Testing with the script needs two options to choose. Please refer to the options table below.
Command lines
$ cd /path/to/SMDK/src/test/heap_allocator/comp_api_python
$ ./run_heapmon.sh <-e | -n> <-l | -a>
(Example) $ ./run_heapmon.sh -e -a
Options
Option1 | Option2 | Desc. | Default |
---|---|---|---|
-e | Gives CXL memory a priority. | -n | |
-n | Gives DRAM a priority. | ||
-l | Runs Python application (heapmon.py) with standard libc library, not SMDK allocator. Option1 (-e or -n) will be ignored. | none | |
-a | Runs Python application (heapmon.py) with SMDK allocator library. |
Result
use_exmem:true,exmem_size:16384,normal_size:16384,maxmemory_policy:remain,priority:exmem
*** use_adaptive_interleaving is disabled
g_arena_pool[0].nr_arena=20
g_arena_pool[0].type_mem=normal
......
Before allocation: Total 1.58 GB, not changed
After allocation: Total 18.21 GB, 16.62 GB increased
After 1st deallocation: Total 18.21 GB, not changed
After 2nd deallocation: Total 1.59 GB, 16.62 GB decreased
After 3rd deallocation: Total 1.59 GB, not changed
After gc: Total 1.58 GB, 256.00 KB decreased
......
The SMDK compatible API library supports transparent system call interface mmap, as well as heap management APIs (malloc, calloc, etc.).

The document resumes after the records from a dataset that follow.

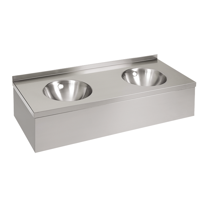 Væghængt dobbelt håndvask i rustfrit stål med frontpanel
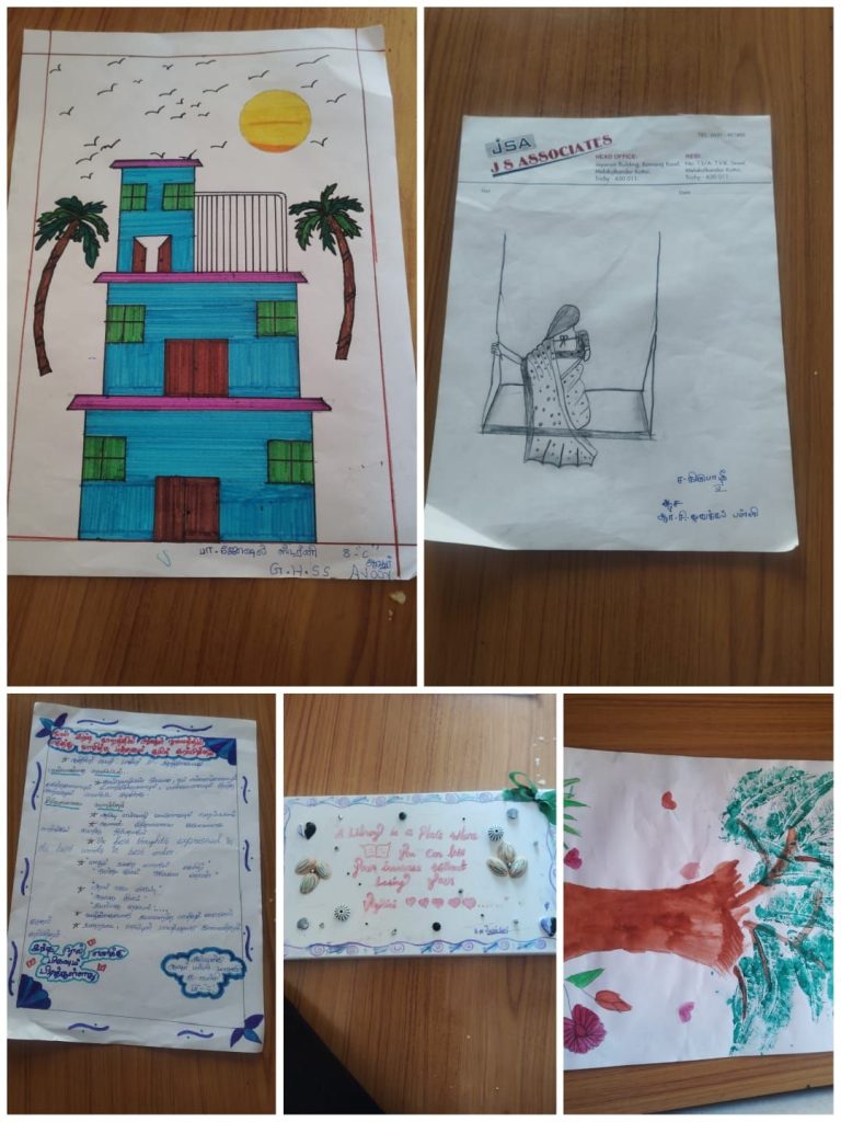 மாணவ/மாணவிகள் தங்களின் கைவண்ணத்தில் ஓவியங்கள் வரைந்தனர். ஓவியக் கலை, மாணவர்களின் சிந்தனையை ஊக்குவிக்க, உளச்சாந்தி மற்றும் கற்பனை திறனை வளர்க்க உதவுகிறது.
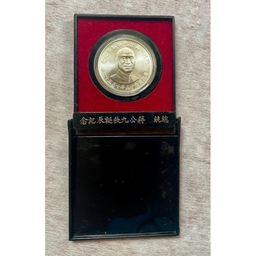 這枚銀幣保存極為完好,表面光澤自然、細節清晰,附完整原廠精美紅絨壓克力展示盒(黑殼紅絨內襯),盒底鑲嵌金色刻字「蔣公九秩誕辰紀念 總統」,整體包裝原汁原味,近半世紀來未經拆封或大幅把玩,品相上乘。
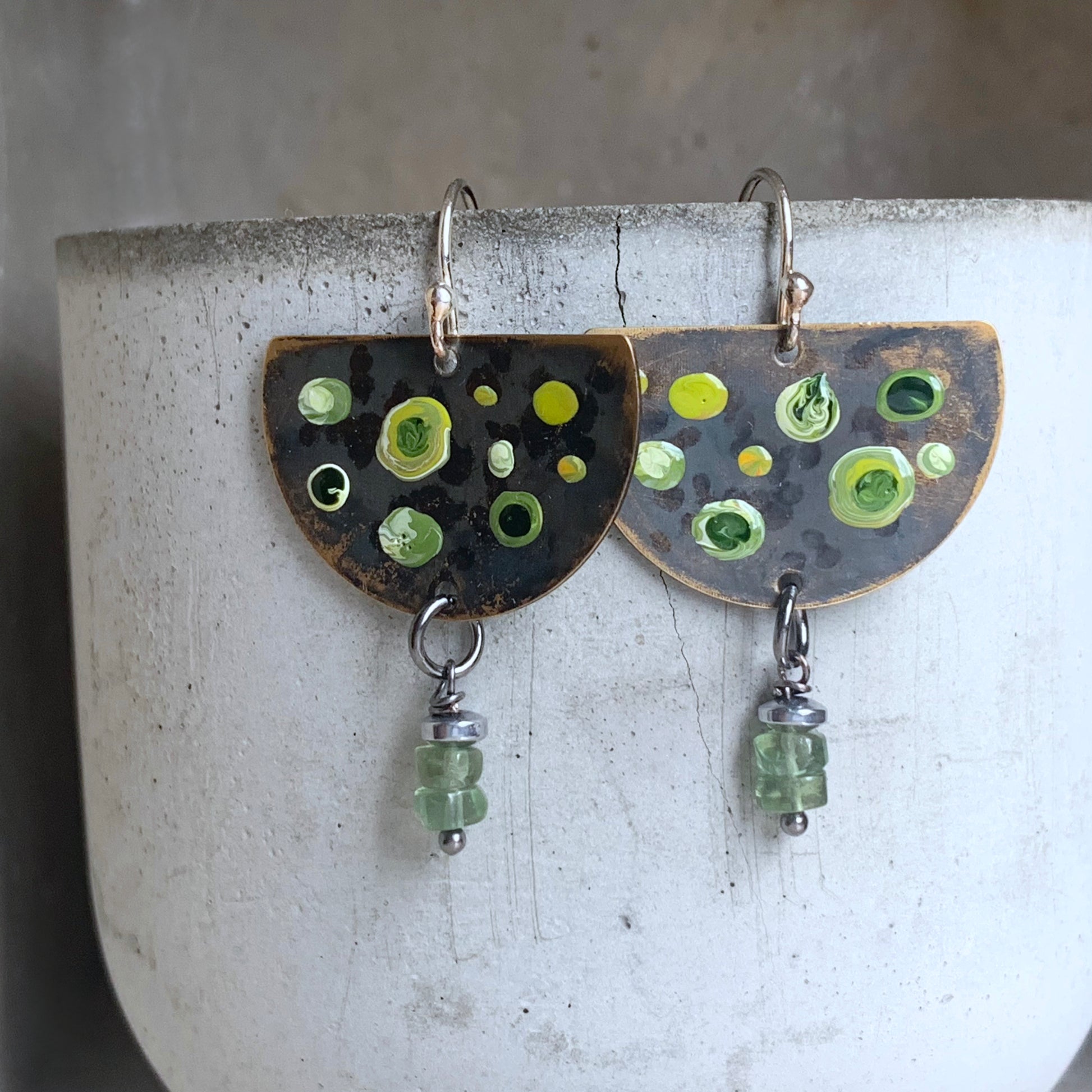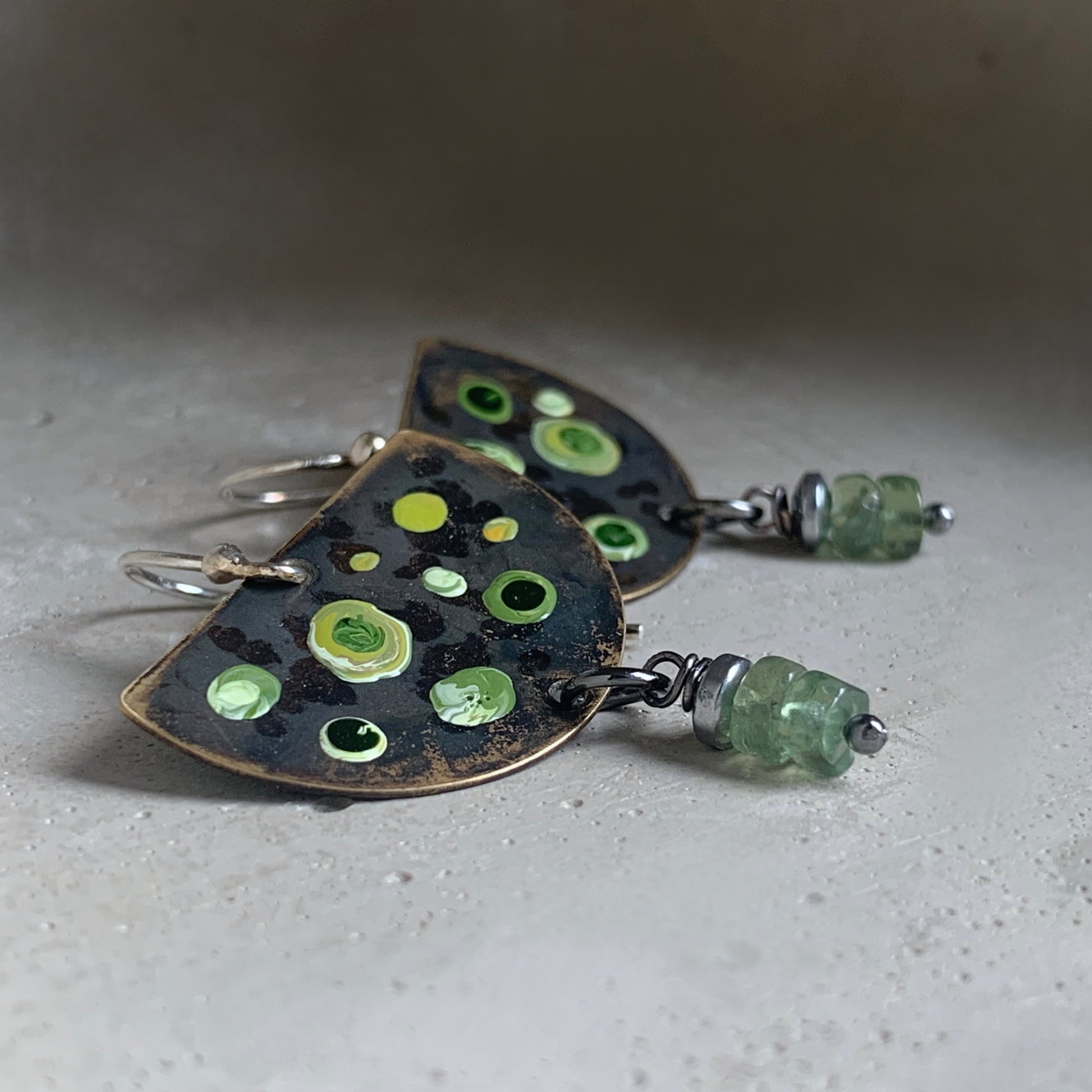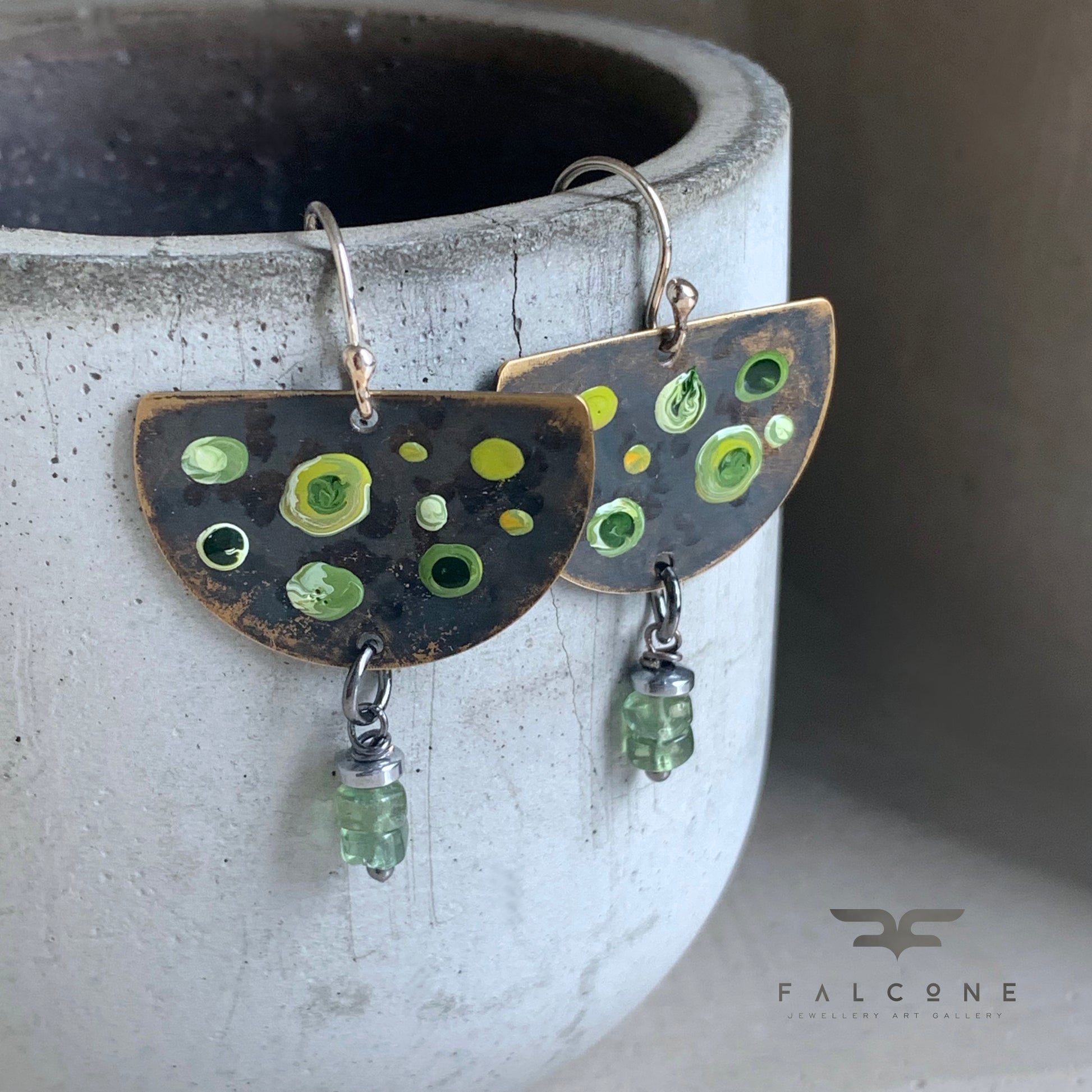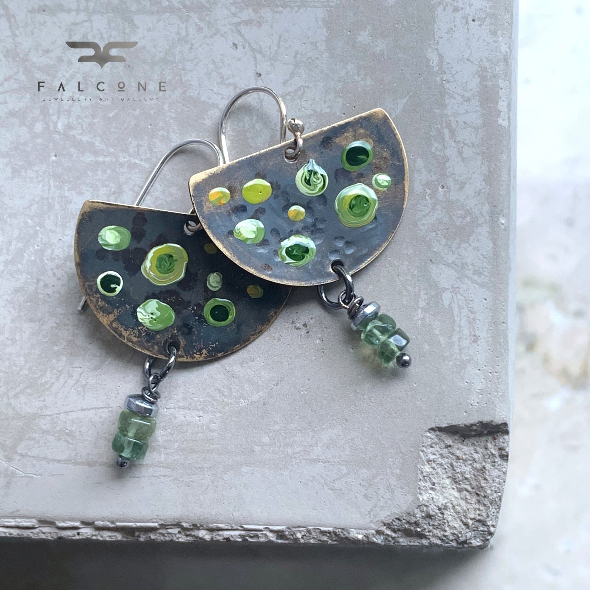 Earrings made of sterling silver, brass, and gemstones. The brass has an aged effect, patinated to a varied brown with worn and repoussé details in a rustic style. Adorned with irregular enamel dots in green shades – from olive and lime to light pastels. The lower part of the earrings is decorated with irregular green apatite rondelles, slightly translucent and refined in tone, blending harmoniously with the enamel dots.

Like run_heap_test.sh above, the script run_mmap_test.sh in this directory helps you preload SMDK allocator library and set the required configuration for running test_syscall, calling mmap 100 times with 4MB length each.
Command lines
$ cd /path/to/SMDK/src/test/syscall
$ ./run_mmap_test.sh <-e | -n>
(Example) $ ./run_mmap_test.sh -e
Options
Options | Desc. |
---|---|
-e | Gives CXL memory a priority. |
-n | Gives DRAM a priority. |
Result
cxlmalloc - test_syscall
use_exmem:true,exmem_size:4096,normal_size:4096,maxmemory_policy:interleave,priority:exmem
*** use_adaptive_interleaving is disabled
g_arena_pool[0].nr_arena=20
g_arena_pool[0].type_mem=normal
......
addr[0x7f3211e00000], one='1' zero='0'
addr[0x7f3211a00000], one='1' zero='0'
addr[0x7f3211600000], one='1' zero='0'
addr[0x7f3211200000], one='1' zero='0'
addr[0x7f3210e00000], one='1' zero='0'
......
Note that you have to set MLC_PATH (and AMD_UPROFPCM_PATH if needed) in /path/to/SMDK/lib/tierd/tierd.conf before run the tests below.
Command lines
$ cd /path/to/SMDK/src/test/tierd
$ ./run_tierd_allocator_test.sh
Result
run testcase - t1
PASS
......
run testcase - t7
PASS
Total 7 TCs executed: 7 PASSED, 0 FAILED
Command lines
$ cd /path/to/SMDK/src/test/tierd
$ ./run_tierd_daemon_test.sh
Result
Configurations for tierd:
MLC_PATH=/path/to/smdk/lib/mlc/Linux/mlc
AMD_UPROFPCM_PATH=/path/to/smdk/lib/tierd/AMDuProf_Linux_x64_4.0.341/bin/AMDuProfPcm
Run testcase - run tierd without kmem.ko
PASS
Run testcase - tierd should generate /run/tierd/nodeX
PASS
Run testcase - check SIGINT termination
PASS
Run testcase - tierd should run well even if /dev/tierd is removed.
PASS
Run testcase - tierd should check /run/tierd/nodeX existance.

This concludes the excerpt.